§ **GIVEN RECORDS**:
= Beginning of Section =
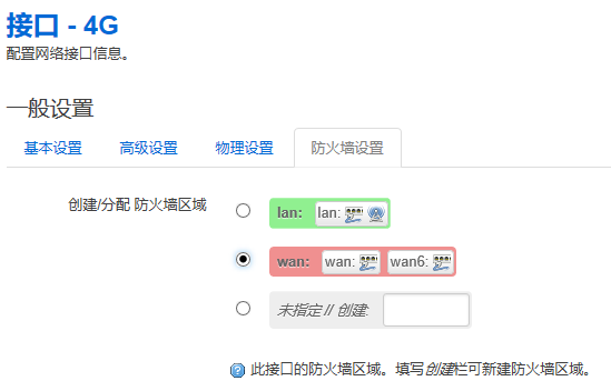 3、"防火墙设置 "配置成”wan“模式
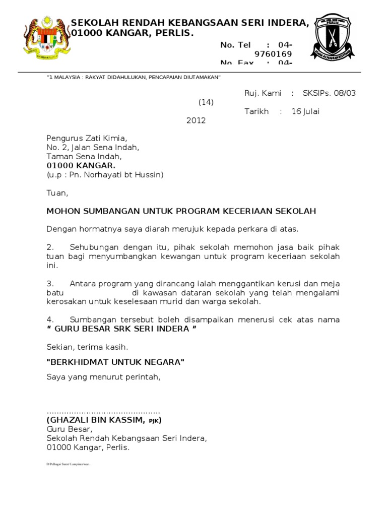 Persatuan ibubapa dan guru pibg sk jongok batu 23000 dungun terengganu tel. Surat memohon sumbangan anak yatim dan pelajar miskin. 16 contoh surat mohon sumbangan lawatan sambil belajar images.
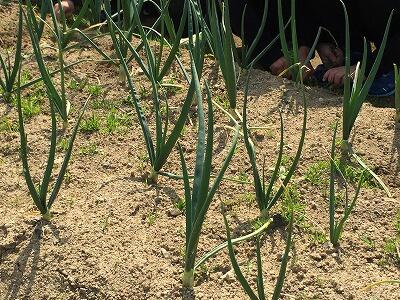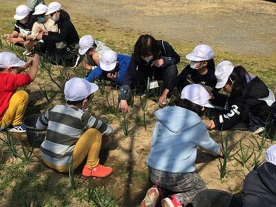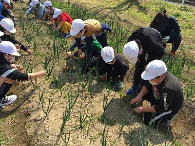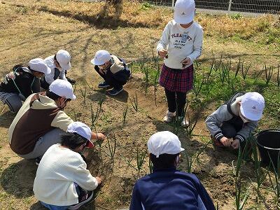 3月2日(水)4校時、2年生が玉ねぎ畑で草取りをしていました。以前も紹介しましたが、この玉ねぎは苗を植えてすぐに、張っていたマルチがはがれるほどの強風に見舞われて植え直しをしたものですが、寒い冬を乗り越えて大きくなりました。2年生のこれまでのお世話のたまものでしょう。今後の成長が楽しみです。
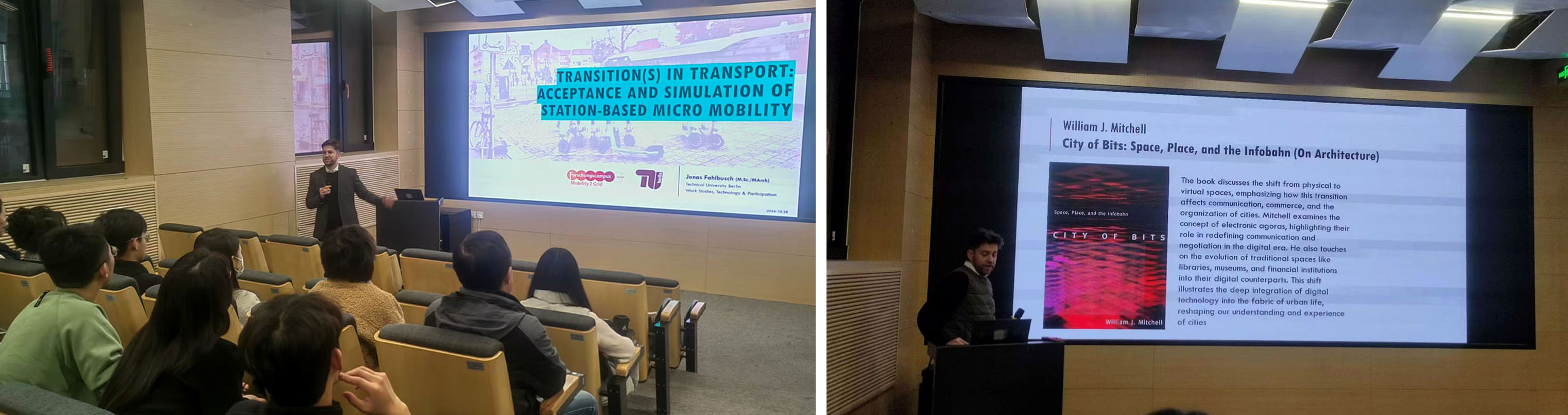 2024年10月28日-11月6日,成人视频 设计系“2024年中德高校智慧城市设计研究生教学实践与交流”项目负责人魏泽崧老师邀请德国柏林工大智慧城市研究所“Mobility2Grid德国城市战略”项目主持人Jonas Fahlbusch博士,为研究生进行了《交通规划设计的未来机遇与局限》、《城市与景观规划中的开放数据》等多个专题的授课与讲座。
= End of Section =
= Beginning of Section =
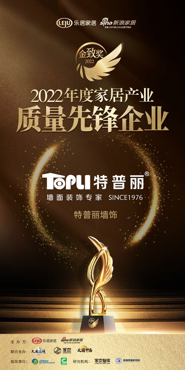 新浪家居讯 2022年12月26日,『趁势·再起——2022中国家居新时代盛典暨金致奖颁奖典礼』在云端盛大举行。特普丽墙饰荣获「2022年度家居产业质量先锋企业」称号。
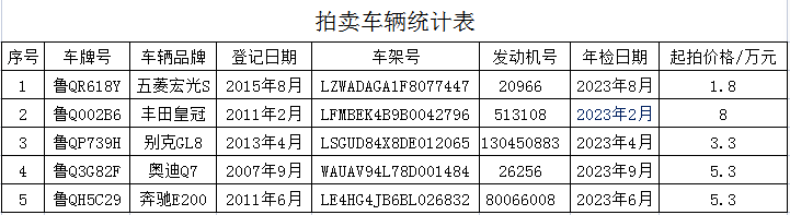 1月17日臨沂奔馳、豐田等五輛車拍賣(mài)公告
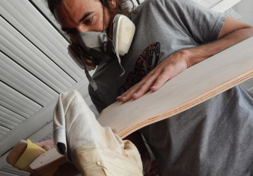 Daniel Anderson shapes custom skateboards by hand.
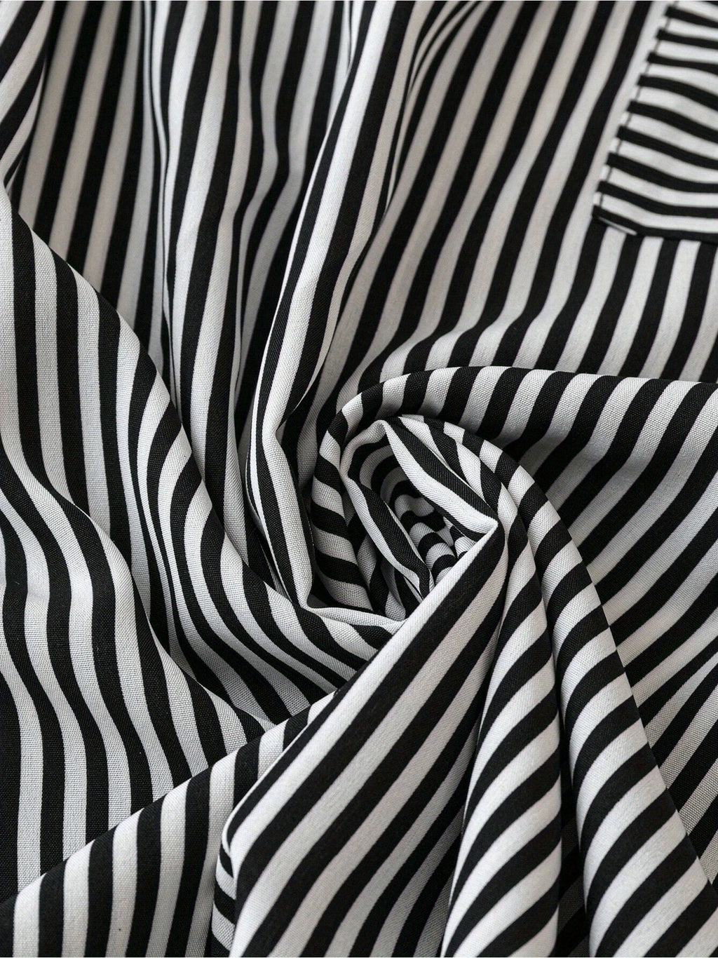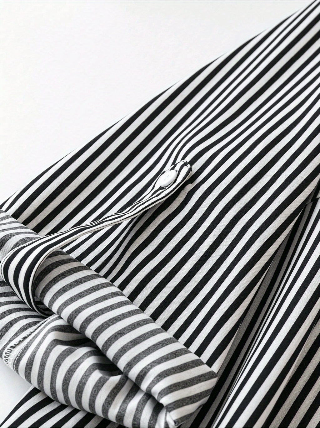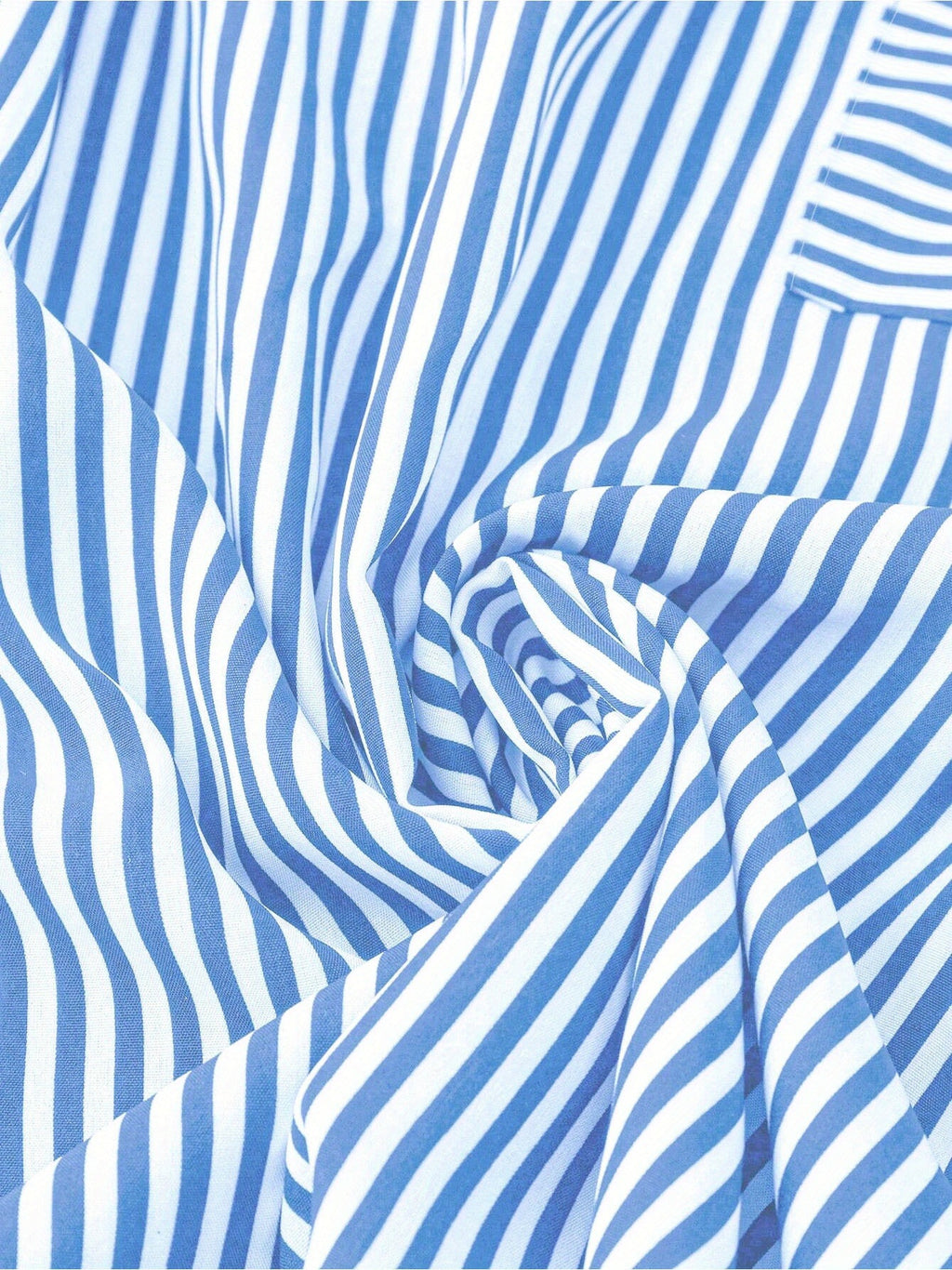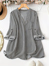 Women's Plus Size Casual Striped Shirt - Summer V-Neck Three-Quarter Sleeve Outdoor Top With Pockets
= End of Section =
§ **WHAT IS EXPECTED**: Find where the line with "1月17日臨沂奔馳、豐田等五輛車拍賣(mài)公告" sits in the material above and where the line with "Women's Plus Size" sits. Set down exactly the lines from the first to the second, both included and nothing else, without pictures.

§ **OUTPUT OF THE EXERCISE**:
 1月17日臨沂奔馳、豐田等五輛車拍賣(mài)公告
 Daniel Anderson shapes custom skateboards by hand.
 Women's Plus Size Casual Striped Shirt - Summer V-Neck Three-Quarter Sleeve Outdoor Top With Pockets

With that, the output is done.